A butterfly kiss on the cheek
Because she likes me.

(She is so sweet)

A second kiss on my cheek
Because she wants
To make sure I get the message
And butterflies are sensitive.

(She is beautiful)

Her delicate hands around my face
The softest kiss on my lips
Because my face probably shows
That I am still not getting her message clearly.

(Dumbed. Warmth.

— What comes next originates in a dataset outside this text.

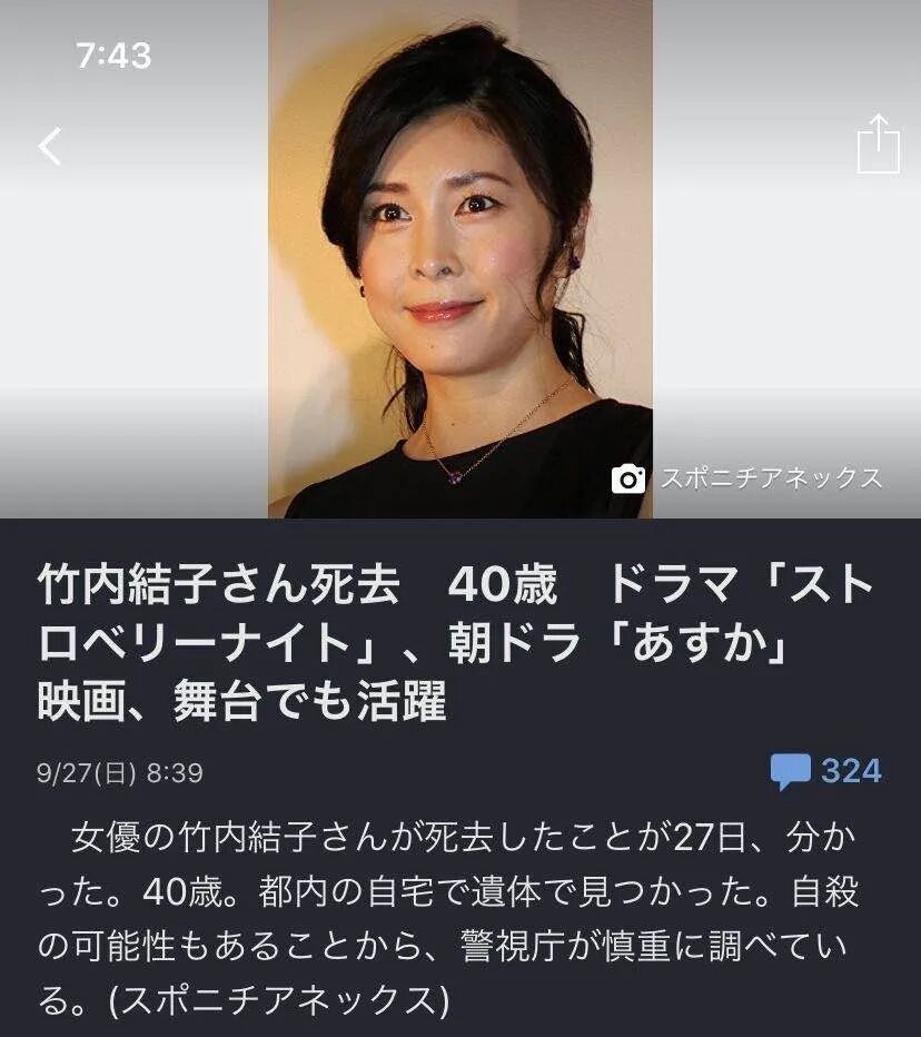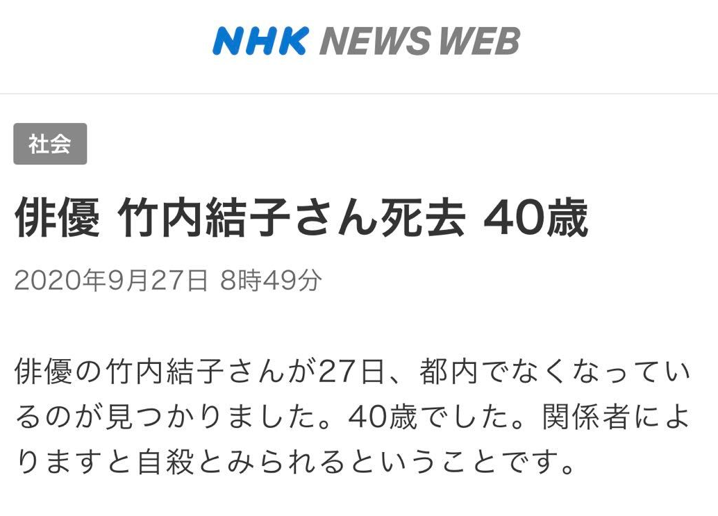 包括NHK、时事通讯社在内的多家日本主流媒体都做了报道,今天在东京都内的家中,发现了竹内结子的遗体。

I think I am in love)

July 25, 2017 / edwardonbebop

Time confusion

The green tranquility of a cup of tea,
Resonates with the authentic comfort of the wooden structure.

My place, my time.

The half-open paper screens
Let a small breeze in,
Pushing endless white and grey clouds in
And out.

The house is full of empty,
Filled with serenity and love,
Simplicity.

Remote but not alone.

Empty but not hollow.

Filled with nothing else than
Myself
And my love of the world
My love for my relatives
My love for you.
I feel more complete a full than ever.

The cup empty.
For a brief moment I stay here
At the crossroads of what I may want
And what I am scared to leave.

I let the threads of time pass through me.
Sweet anachronisms.

Or maybe I am the anachronism.

July 4, 2017 / edwardonbebop

How long

How long does

“too soon” last ?

July 3, 2017 / edwardonbebop

Showdown

I regressed
To the point that
I don’t know the words
That could express how I feel.

I feel dumb,
So much that
I don’t even know
My name.

I am a nobody.

I feel detached,
So remote, that it scares me to death.
My body doesn’t anchor me
Here below.

I could try
To overcome all that
But I would be building
New lies to cover up for

That thing

I hate to acknowledge,
I fear to admit has come back.
Depression.

However I won’t lie to myself.
It is just me and my feelings now,
In an honest face-to-face,
A showdown maybe.

July 1, 2017 / edwardonbebop

Another other design

My home was rickety
So I ruined it
And dug deep down
To the foundations
In order to destroy them.

I had found a more secure structure
For my new foundations.
With vim had I started
The new construction work
And had been making good progress.

Then the Architect addressed me
In the most sibylline way,
Sparkling doubt.
I came to a stop
And looked at what I had built.

Suddenly the whole structure
Made no sense to me,
Like pieces of a puzzle
Arranged in an unintended way
Giving illusion of completeness
As it could in truth
Be even more fragile than before.

I am about to take it all down,
All my newly accomplished work,
But I can’t resolve to do so,
As I have no new design
For my foundations.
So I sit down in the dirt
And cry.

June 27, 2017 / edwardonbebop

The other other side

I was going my way,
It was a tough quest
But I was confident
That it would take me
To my destination.

Then I hit a wall.

Bewildered I began to wonder,
On what side of the wall
Am I supposed to be ?

On what side of the wall
Was I before anyway ?

On what side of the wall
May I meet my true self ?

June 25, 2017 / edwardonbebop

Crossroads of two timelines

Would it have felt
Like the late evening storm
That ends a day of suffocating heat,
Would it have provided relief,
Had I kissed her
When I had the chance ?

Would I be living less in the past
And a little more in the present
Was my train of thoughts not like a merry-go-round,
Would I be able to move on,
Had we had more time together
When we both seemed to want it ?

Would it have made her less obsessing today ?
Would it have made me spare the pain
Of telling her
“good night” ?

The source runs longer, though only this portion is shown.